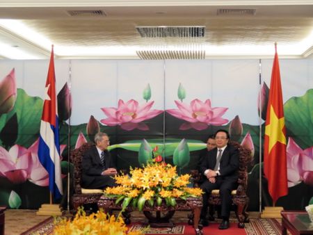 | Đồng chí Hoàng Bình Quân, Trưởng Ban Đối ngoại Trung ương tiếp đồng chí Jose Ramon Balaguer Cabrera, Trưởng Ban Đối ngoại Trung ương Đảng Cộng sản Cuba. (Ảnh: Thanh Hùng) |
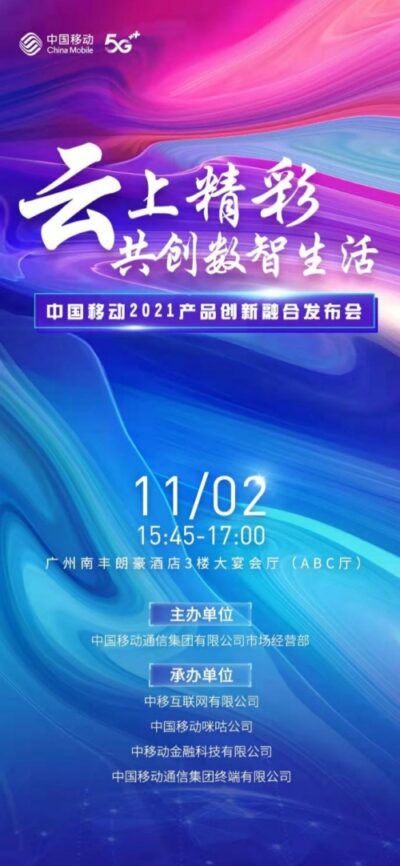11月2日下午,以“云上精彩,共创数智生活”为主题的2021中国移动全球合作伙伴大会产品创新融合发布会将在广州南丰朗豪酒店盛大召开。届时,中国移动通信集团有限公司领导、中国移动相关省公司及专业公司领导以及上下游产业链重量级合作企业嘉宾将出席本次发布会,生态化展现5G+数智化前沿科技成果,围绕5G+数智化最新产品、5G应用技术、解决方案、应用场景等热点话题进行深度探讨,共绘5G数智生活新蓝图。
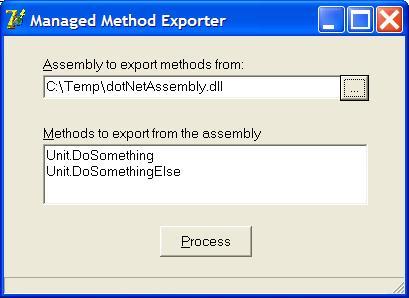 Such a utility would be best written as a command-line application, however a GUI project that shows the idea accompanies this paper, called mme.dpr (Managed Method Exporter).
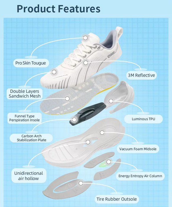 carbon fiber plate unit embedded in the arch of the foot offers stability and support, while the vacuum foam midsole provides a soft landing and
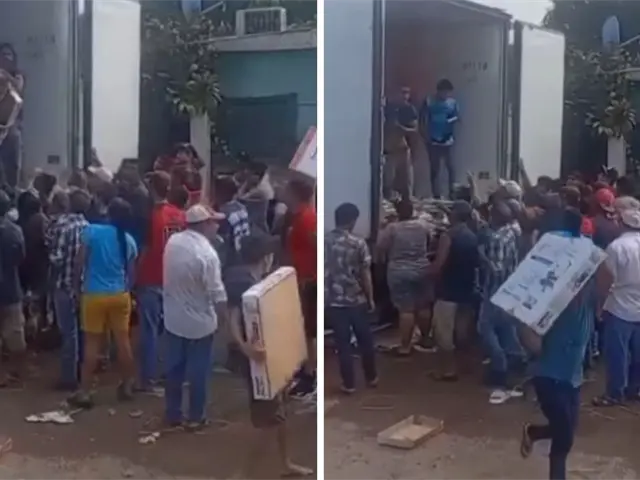Se dice que el chofer intentó impedir que las personas se llevaran los artículos; sin embargo, varios sujetos violentaron la caja, la cual terminó quebrándose, lo que facilitó la extracción de la mercancía.
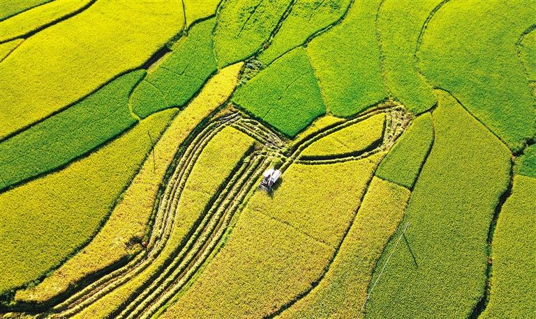 8月12日,湖南省双峰县井字镇铜梁村村民驾驶收割机收割再生稻。再生稻是一种“利用收割后稻茬继续发苗长穗”的种植模式,可一次播种两季收获。近年来,当地在确保双季稻面积稳定的基础上,依托种粮大户和专业合作社,因地制宜发展再生稻10万余亩,助力提高稻田综合生产能力。
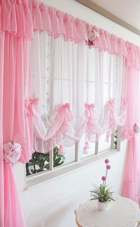 - The upper part of the curtain instead of the decorative strip hides another element, for example, a pelmet.

> _Task to complete_
I would like the lines from the one with "Se dice que" through the last line of the data above retyped exactly, with pictures left out, please.

> _Result of this task_
Se dice que el chofer intentó impedir que las personas se llevaran los artículos; sin embargo, varios sujetos violentaron la caja, la cual terminó quebrándose, lo que facilitó la extracción de la mercancía.
 8月12日,湖南省双峰县井字镇铜梁村村民驾驶收割机收割再生稻。再生稻是一种“利用收割后稻茬继续发苗长穗”的种植模式,可一次播种两季收获。近年来,当地在确保双季稻面积稳定的基础上,依托种粮大户和专业合作社,因地制宜发展再生稻10万余亩,助力提高稻田综合生产能力。
 - The upper part of the curtain instead of the decorative strip hides another element, for example, a pelmet.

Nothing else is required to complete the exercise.